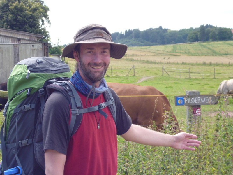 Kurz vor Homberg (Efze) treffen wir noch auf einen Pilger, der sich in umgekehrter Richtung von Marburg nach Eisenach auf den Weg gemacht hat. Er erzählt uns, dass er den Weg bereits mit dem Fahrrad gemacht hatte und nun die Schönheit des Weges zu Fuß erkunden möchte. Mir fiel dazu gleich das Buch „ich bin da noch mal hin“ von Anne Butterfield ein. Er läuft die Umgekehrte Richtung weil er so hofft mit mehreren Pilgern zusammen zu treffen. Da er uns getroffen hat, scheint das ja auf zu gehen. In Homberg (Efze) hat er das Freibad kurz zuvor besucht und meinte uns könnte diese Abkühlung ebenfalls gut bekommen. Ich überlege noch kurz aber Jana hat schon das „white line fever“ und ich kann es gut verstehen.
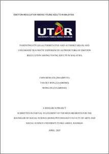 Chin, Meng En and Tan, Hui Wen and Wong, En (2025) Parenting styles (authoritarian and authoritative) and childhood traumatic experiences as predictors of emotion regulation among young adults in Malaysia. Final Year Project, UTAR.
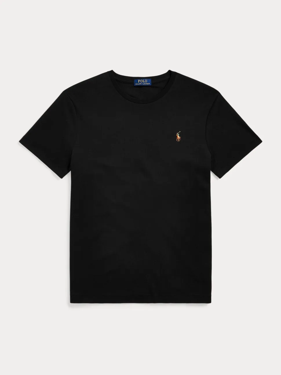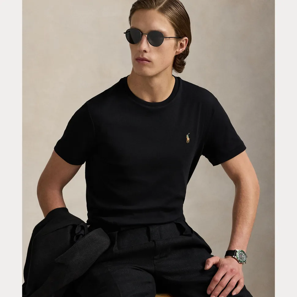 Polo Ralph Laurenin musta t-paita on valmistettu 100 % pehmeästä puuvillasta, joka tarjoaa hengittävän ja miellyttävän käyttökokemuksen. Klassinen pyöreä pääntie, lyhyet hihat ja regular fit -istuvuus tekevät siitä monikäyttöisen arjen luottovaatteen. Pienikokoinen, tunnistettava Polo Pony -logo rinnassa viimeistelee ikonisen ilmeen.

──────────────────────────────

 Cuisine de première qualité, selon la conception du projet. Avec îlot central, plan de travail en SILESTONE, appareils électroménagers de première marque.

──────────────────────────────

> _WORK ORDER_: Starting with the line that has "Kurz vor Homberg" and going on through the line that has "Chin, Meng En", transcribe the records above exactly, but skip the pictures.

> _ANSWER AREA_:
 Kurz vor Homberg (Efze) treffen wir noch auf einen Pilger, der sich in umgekehrter Richtung von Marburg nach Eisenach auf den Weg gemacht hat. Er erzählt uns, dass er den Weg bereits mit dem Fahrrad gemacht hatte und nun die Schönheit des Weges zu Fuß erkunden möchte. Mir fiel dazu gleich das Buch „ich bin da noch mal hin“ von Anne Butterfield ein. Er läuft die Umgekehrte Richtung weil er so hofft mit mehreren Pilgern zusammen zu treffen. Da er uns getroffen hat, scheint das ja auf zu gehen. In Homberg (Efze) hat er das Freibad kurz zuvor besucht und meinte uns könnte diese Abkühlung ebenfalls gut bekommen. Ich überlege noch kurz aber Jana hat schon das „white line fever“ und ich kann es gut verstehen.
 Chin, Meng En and Tan, Hui Wen and Wong, En (2025) Parenting styles (authoritarian and authoritative) and childhood traumatic experiences as predictors of emotion regulation among young adults in Malaysia. Final Year Project, UTAR.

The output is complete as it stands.